I assume the first line was – I need you out in the field….

The (Thoom!)s did not work at all. They were a distraction that did not pay off. I think you should drop them or rewrite this so that we learn what they are a whole lot sooner than the full first page must have done.

I think you’ve got a bit too much repetition in several places here and that it might be better to start without that first line. The second one brings in the whole idea much faster. Both the first line and the “Because it does” are unnecessary . You get the idea across with the line about his job requiring travel.

I’m not certain that you even need the narrative about Randolph coming around the desk. The four lines of dialogue are quite specific and evoke that feeling by themselves.

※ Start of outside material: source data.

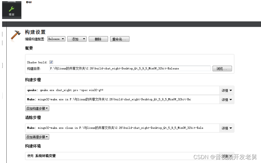 (1)首先,在QT软件内打开自己的一个项目,用在左下角选择Releases方法来重新编译一次。
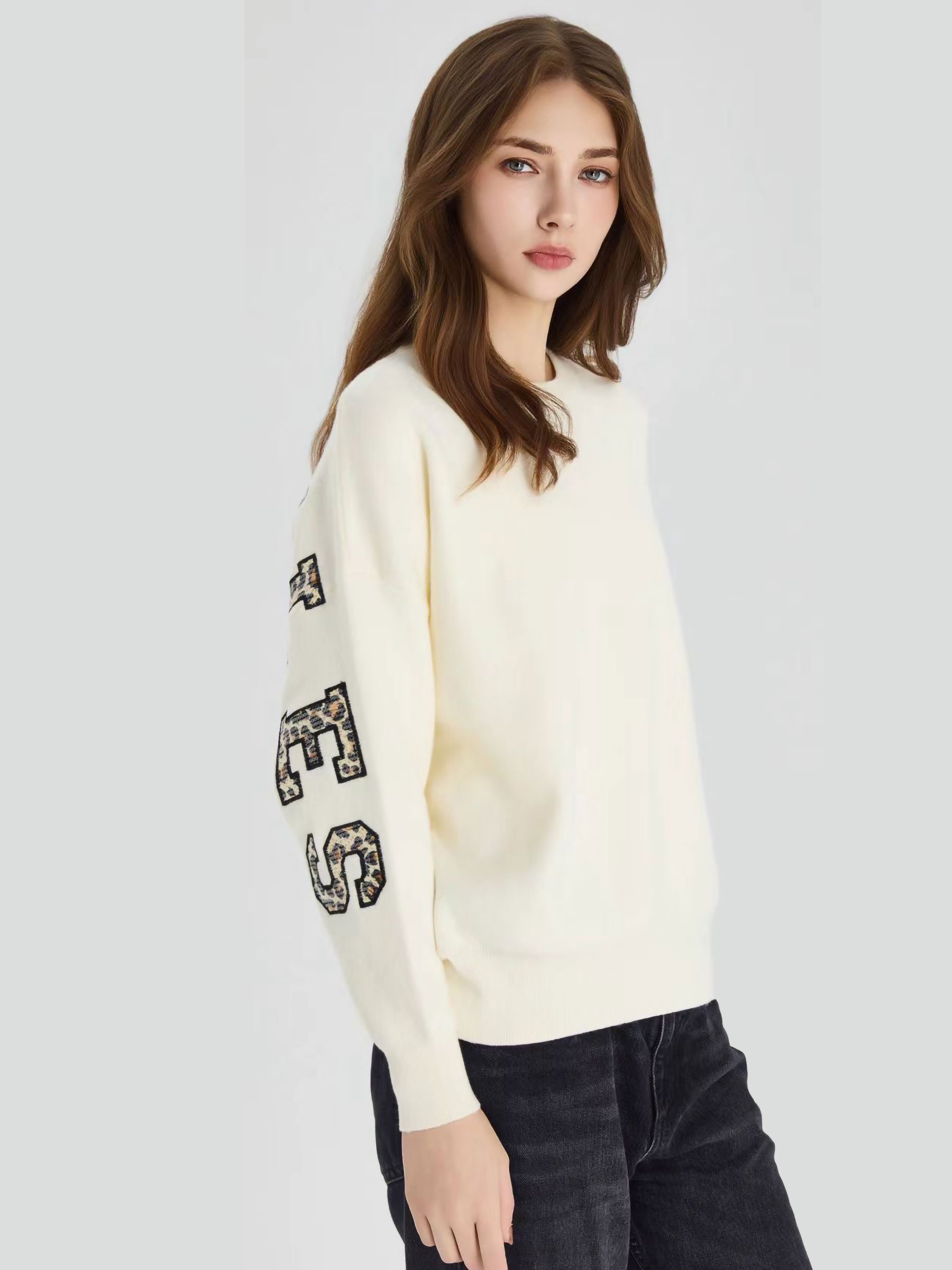 Jersey de punto. Cuello redondo. Detalle texto con lentejuelas. Manga larga.
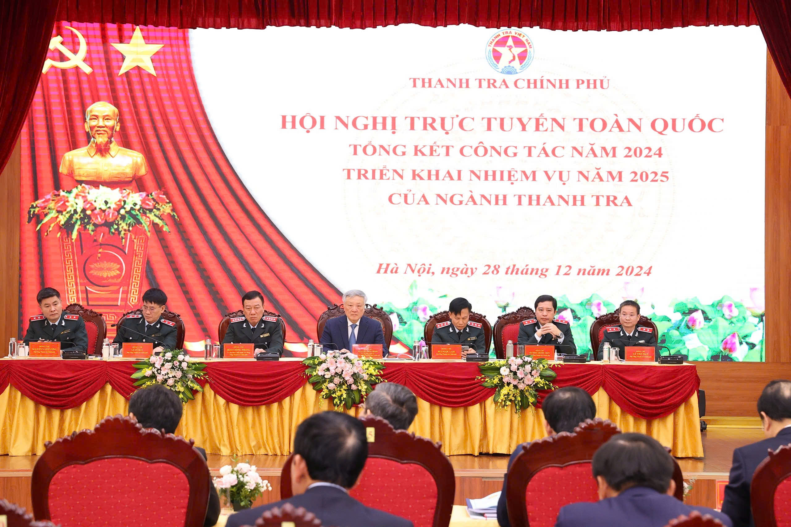 Tổng Thanh tra cho biết, tại Hội nghị, các đại biểu được nghe dự thảo Báo cáo công tác năm 2024, nhiệm vụ trọng tâm năm 2025 của ngành Thanh tra, các bài tham luận và đặc biệt là ý kiến chỉ đạo của đồng chí Nguyễn Hòa Bình, Ủy viên Bộ Chính trị, Phó Thủ tướng Thường trực Chính phủ đối với ngành Thanh tra.Theo đó Tổng Thanh tra Chính phủ Đoàn Hồng Phong đề nghị các đại biểu tập trung nghiên cứu, trao đổi, thảo luận các nội dung thiết thực, hiệu quả. Trên cơ sở đó đánh giá những kết quả nổi bật về công tác thanh tra, giải quyết khiếu nại, tố cáo và phòng, chống tham nhũng, tiêu cực năm 2024; Chỉ ra những tồn tại, hạn chế để có những giải pháp khắc phục, phấn đấu hoàn thành xuất sắc mọi nhiệm vụ năm 2025 mà Đảng, Nhà nước giao cho ngành Thanh tra.
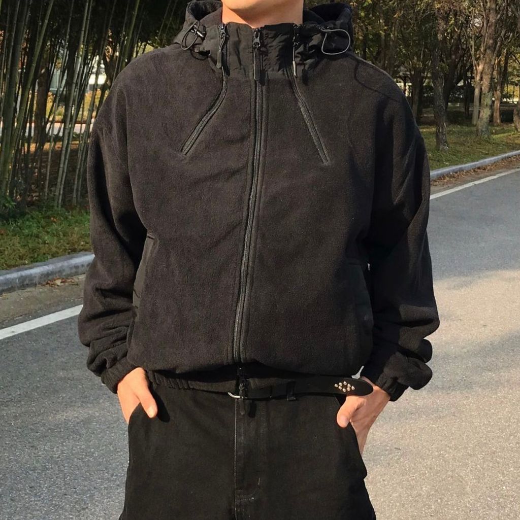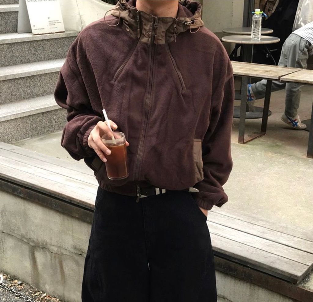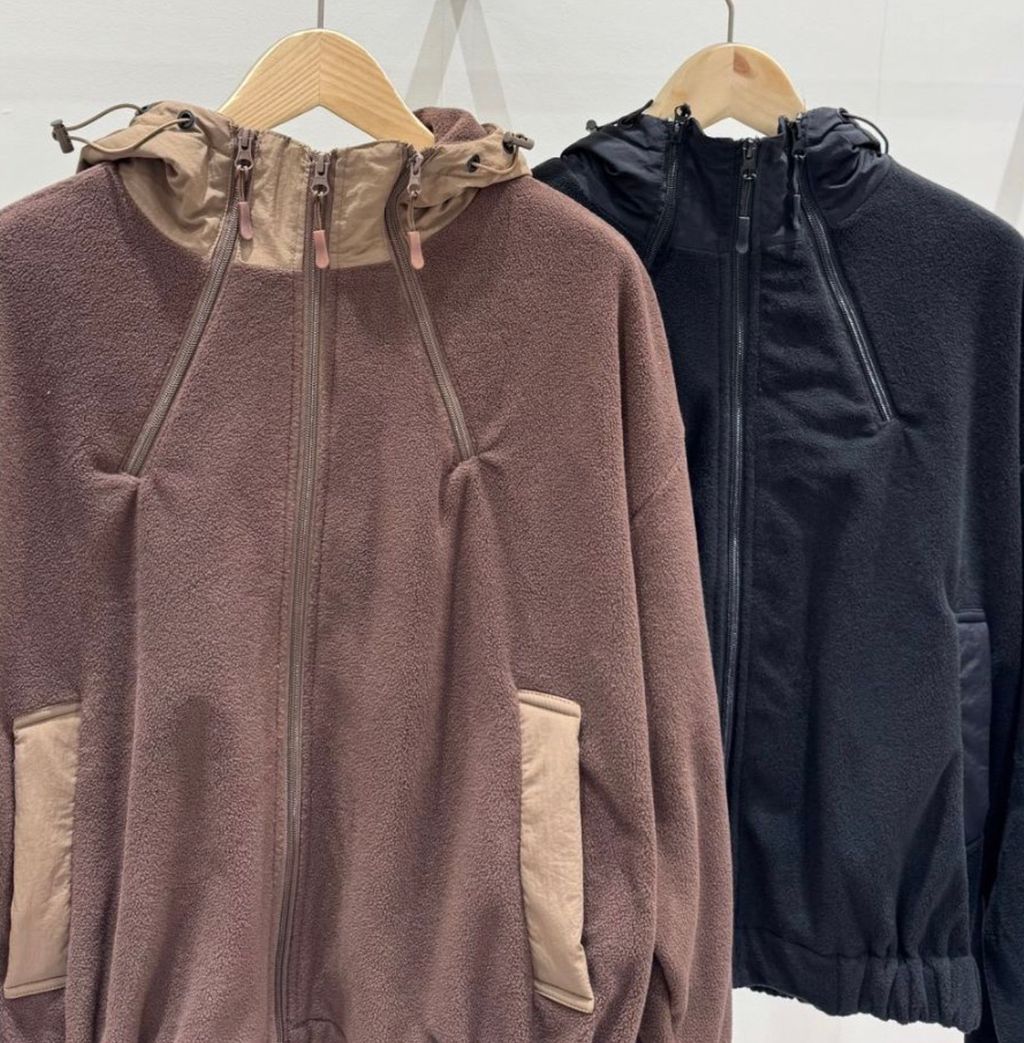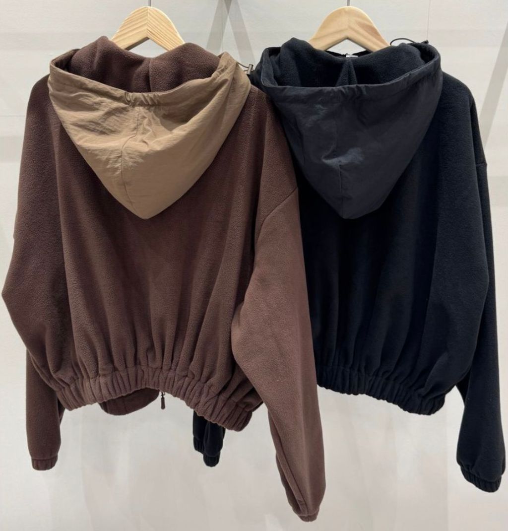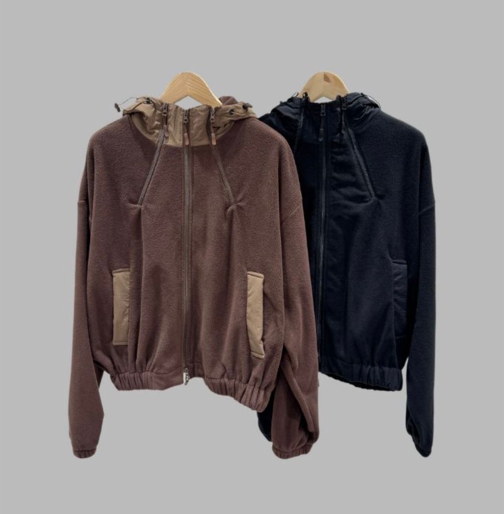 絨面 拼接布料 小高領 拉鍊裝飾拼接 連帽外套 兩色

"Randolph, please try to understand. I just met this girl..."
Randolph Smith stood up, came around his large oak desk, and put an arm around Larry Wilson's shoulder. "Tell her your job requires travel. If she's the right girl for you, she'll understand."

"Send somebody else."
"I haven't got anybody else. US Steel needs you, Larry. I need you."
[Right here is where you would insert some short, succinct details about this problem and I think the reader would accept it. Something like how – US steel was teetering on the brink of ruin and hero’s persuasiveness had come through twice before to keep the buyers from defecting to Nippon International…]

"Randy, please try to understand. I just met this girl..."
"Tell her your job requires travel. If she's the right girl for you, she'll understand."
"Send somebody else."
"I haven't got anybody else. US Steel needs you, Larry. I need you."
US Steel was in trouble and Randolph (Randy) Smith had four days left before the next ….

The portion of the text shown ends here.